Au-delà de leur valeur ajoutée sociale (lutte contre l’exclusion, lien social, rapports de solidarité, cohésion sociale, capital social, production à finalité sociale) et de leur dimension économique de production sur un marché, les entreprises sociales d’insertion se caractérisent également par des dimensions politiques.
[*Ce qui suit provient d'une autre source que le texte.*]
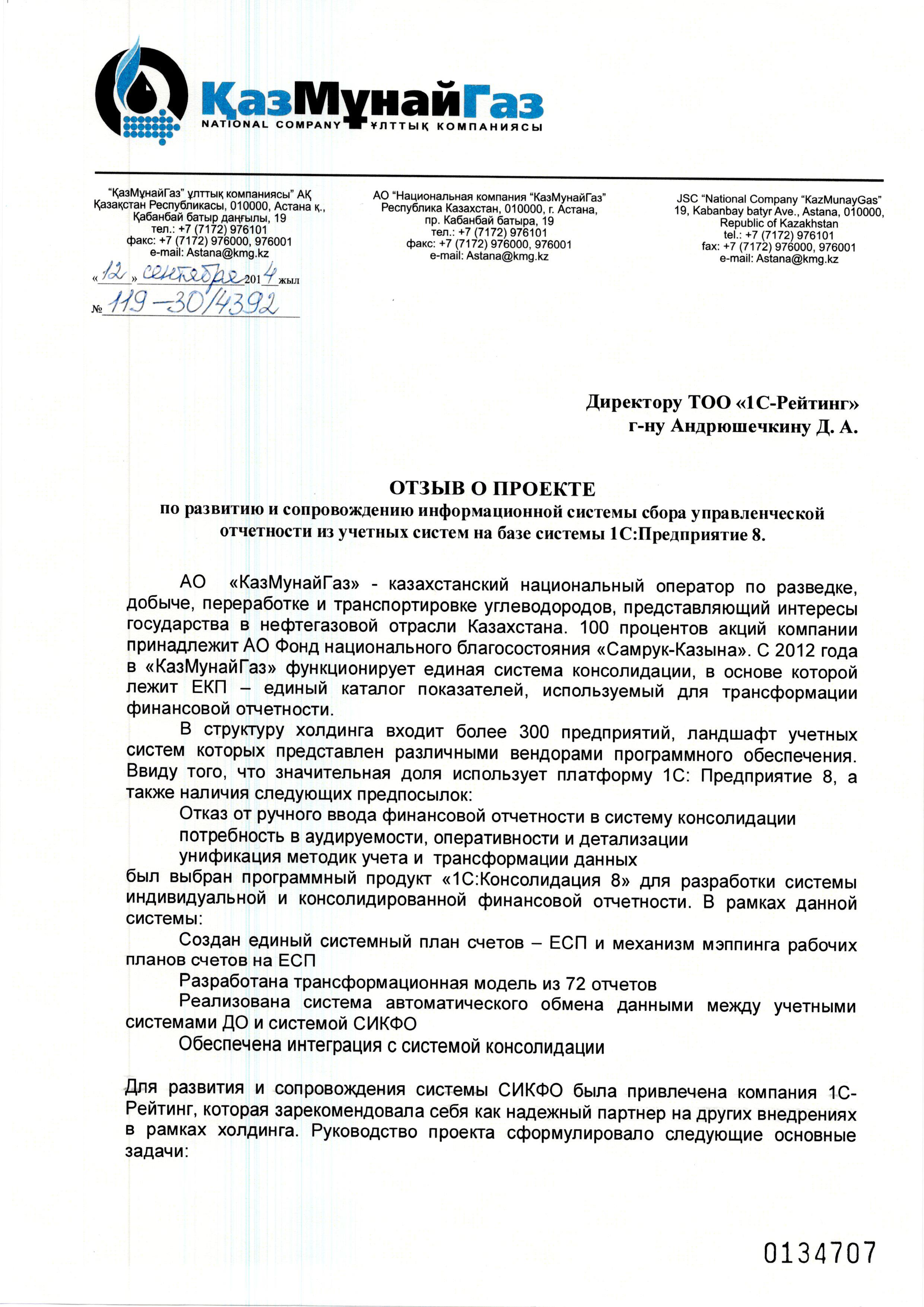 Компания «1С-Рейтинг» внесла свой вклад в развитие и сопровождение системы консолидации в АО НК «КазМунайГаз». Созданная информационная система позволила компании усилить финансовый контроль и прозрачность данных дочерних организаций, за счет повышения уровня автозаполнения финансовой отчетности. На сегодняшний день количество пользователей системы составляет 200 человек.

Premièrement, comme l’avance Laville (1994), une dimension politique des entreprises sociales, de par leur ancrage dans des rapports sociaux, se traduit par l’ouverture de leurs activités à des espaces publics de proximité - ou des espaces publics autonomes selon les termes de Habermas. Dans ces espaces publics autonomes, qui sont de véritables espaces démocratiques, se rencontrent effectivement différentes parties prenantes participant à la construction conjointe de l’offre et de la demande des entreprises sociales. Contrairement aux relations anonymes du marché et de l’État, ces divers publics peuvent prendre la parole, débattre, décider, élaborer et mettre en œuvre des projets adaptés à leurs besoins diversifiés. Plusieurs avantages en découlent. D’abord, grâce à leur implication dans des réseaux locaux (ancrage territorial, proximité géographique et socioculturelle) avec lesquels ils entretiennent des relations, ces divers publics apportent leur expérience du terrain aux entreprises sociales. De plus, ils sont souvent des révélateurs de besoins non satisfaits et, de ce fait, les mieux à même de vérifier la pertinence économique et l'utilité sociale de l’offre de l'entreprise sociale par rapport à la demande. D’ailleurs, il semble que les entreprises sociales d’insertion, comme l’ensemble des organisations du tiers secteur, démontrent une capacité d’initiative et d’invention pour répondre à des besoins sociaux insatisfaits (par le marché et les collectivités publiques notamment) dans des domaines variés et nouveaux127. Enfin, la possibilité de participation de divers publics aux décisions au sein de ces organisations en fait des écoles de démocratie participative où les diverses personnes peuvent développer des compétences politiques et des vertus civiques (Enjolras 2005 : 9). Au total, la pluralité de parties prenantes permet de mieux appréhender la réalité multidimensionnelle de l’objectif d’insertion des entreprises sociales et de répondre à des niches de marché pour leur objectif de production.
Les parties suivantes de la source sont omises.